Liver sections obtained from Surgical Pathology at the University of North
Carolina were used as positive controls because both HCII and AT are synthesized
in the liver and therefore should be detectable using immunohistochemistry
(these results are not shown). All subjects in this study were persons
from the ages of 15-34 who died of external causes (accidents, homicides,
suicides) from fifteen cooperating centers managed by the Department of Pathology
at Louisiana State University Health Science Center. Data from each
case was recorded in a database for analysis including, age, gender, race,
total cholesterol and high-density cholesterol (HDLC) and this long-term
study was termed PDAY.
Each case was probed for the presence of heparin cofactor II (HCII) or antithrombin
(AT). Liver slides for each run were subjected to the exact same conditions
as the LAD slides being probed. HCII antigen was detected by first
incubating with goat anti-human HCII affinity purified polyclonal IgG.
AT was probed for using goat anti-human AT polyclonal IgG. Mouse anti-human
maspin monoclonal IgG was used as one negative control because it is a serpin
that is not produced in the liver and not thought to be in the blood vessels
or atheromas. Goat IgG was used as another negative control to ensure
that any antigen binding was not nonspecific binding due to IgG interactions.

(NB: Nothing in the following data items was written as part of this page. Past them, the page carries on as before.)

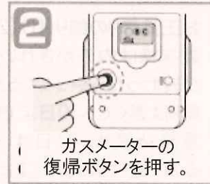
ガスメーターの復帰ボタンを押す。
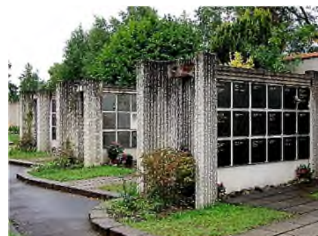
Amiens : crematorium & columbarium 'jardin du souvenir'
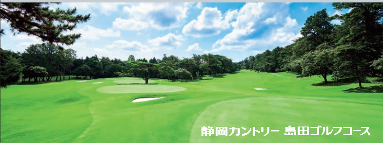
静岡カントリー 島田ゴルフコース

世界的名設計家リース・ジョーンズによる改修：浜岡コース(高松・小笠) / 島田ゴルフコース
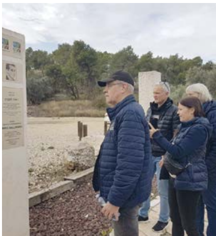
Delegation från Livets Ord besöker området som ska bli Raoul Wallenberg Park.

I mina dagliga dialoger med människor runtom i Sverige kan jag känna att det finns hopp om en omsvängning vad gäller hur man ser på Israel. En ny, positivare hållning växer sakta fram. Tillströmningen till Vänskapsförbundet Sverige Israel är
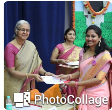
Prize distribution for the events held from 1 st march to 7 th march 2017
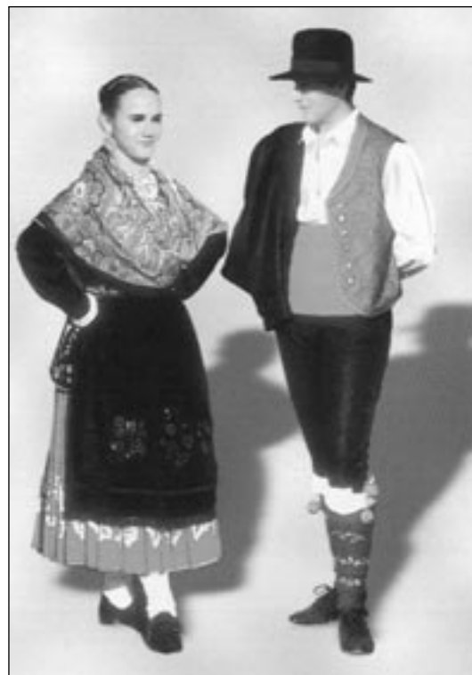
Vestidos típicos de la Sierra de Gata (Cáceres).
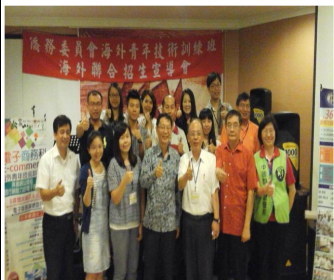
宣導團與井里汶臺灣工商聯誼會合影
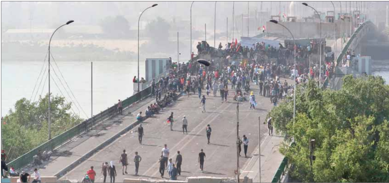
محتجون يتقدمون على جسر السنك في بغداد بعد انسحاب القوات الأمنية أمس

انتهت أمس، ما يمكن تسميتها «معركة السيطرة على الجسور» التي تدور رحاها منذ نحو أسبوع بين القوات الأمنية العراقية والمتظاهرين في بغداد، لصالح المحتجين الذين سيطروا على جسري «السنك» و«الأحرار» المرتبطين بساحتى «الخلاني» و«السنك» في جانب الرصافة، وإبعاد القوات الأمنية إلى مدخل الجسرين من جهة الكرخ.
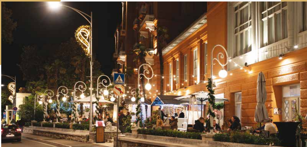
Adventsku ponudu i prigodne programe pripremili su i brojni opatijski hotelijeri i ugostitelji, među kojima je i „Imperial Xmas“ s adventskim kućicama na terasi hotela Imperial

Ljetna pozornica postala je „zimski pozornica“, a klizalište je otvoreno nastupom Klizačkog kluba „Medo“ iz Zagreba
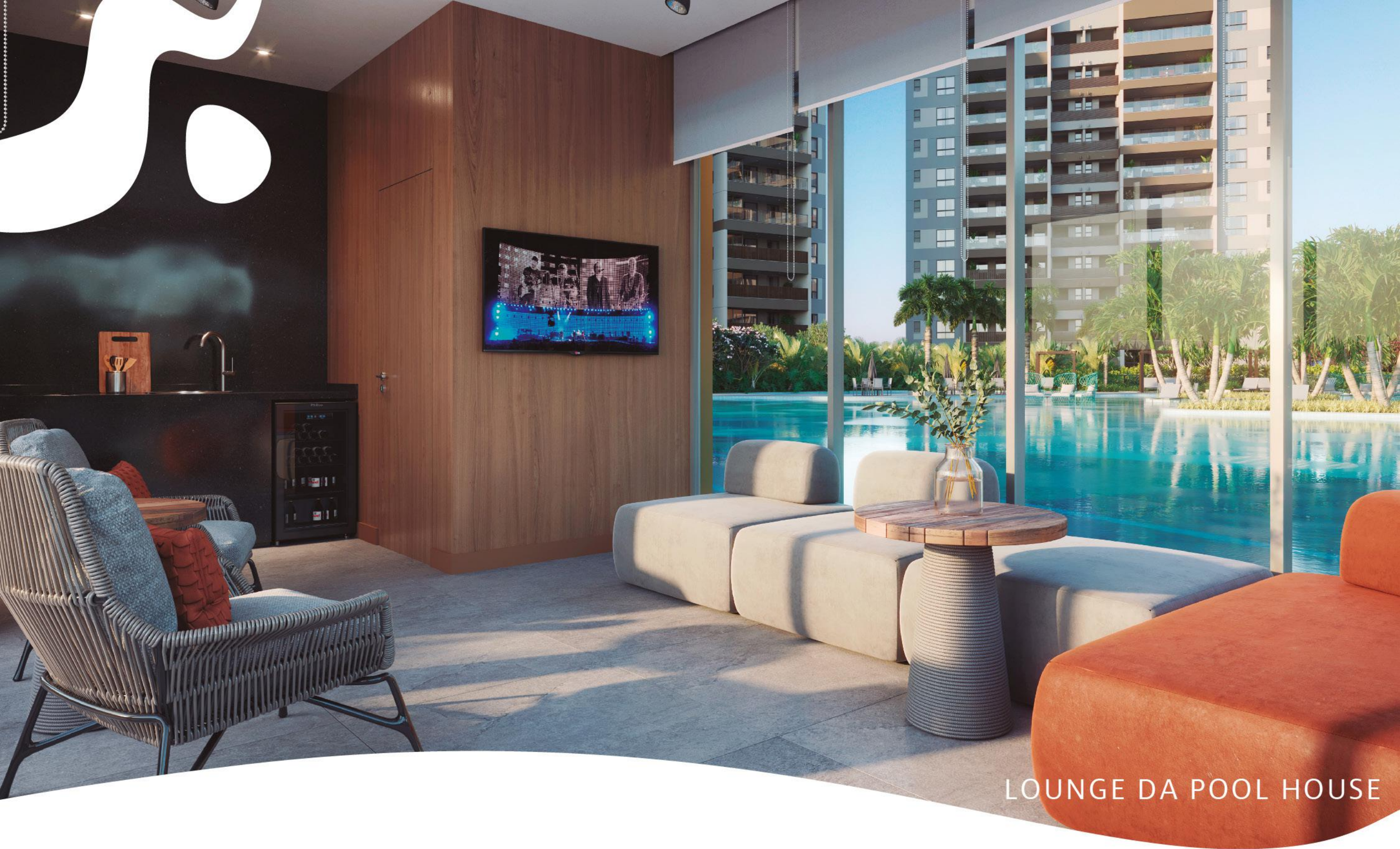
LOUNGE DA POOL HOUSE

UM AMBIENTE INSPIRADO NOS FAMOSOS BEACHS CLUBS INTERNACIONAIS

Using the American Heart Association (AHA) classification system, each atherosclerotic
lesion from each case was blindly graded by three individuals. The intensity
of staining was also independently ranked on a scale of 0 to 3 with 0 indicating
no staining, 1 indicating weak staining, 2 indicating intermediate staining
and 3 indicating strong staining. As evidenced by the Spearman
correlation coefficient of 0.76 (two-sided p-value <0.0001) and the Nonzero
correlation statistic of 16.9039 (exact p-value <0.0001), there is a significant
positive correlation between lesion severity and HCII staining intensity.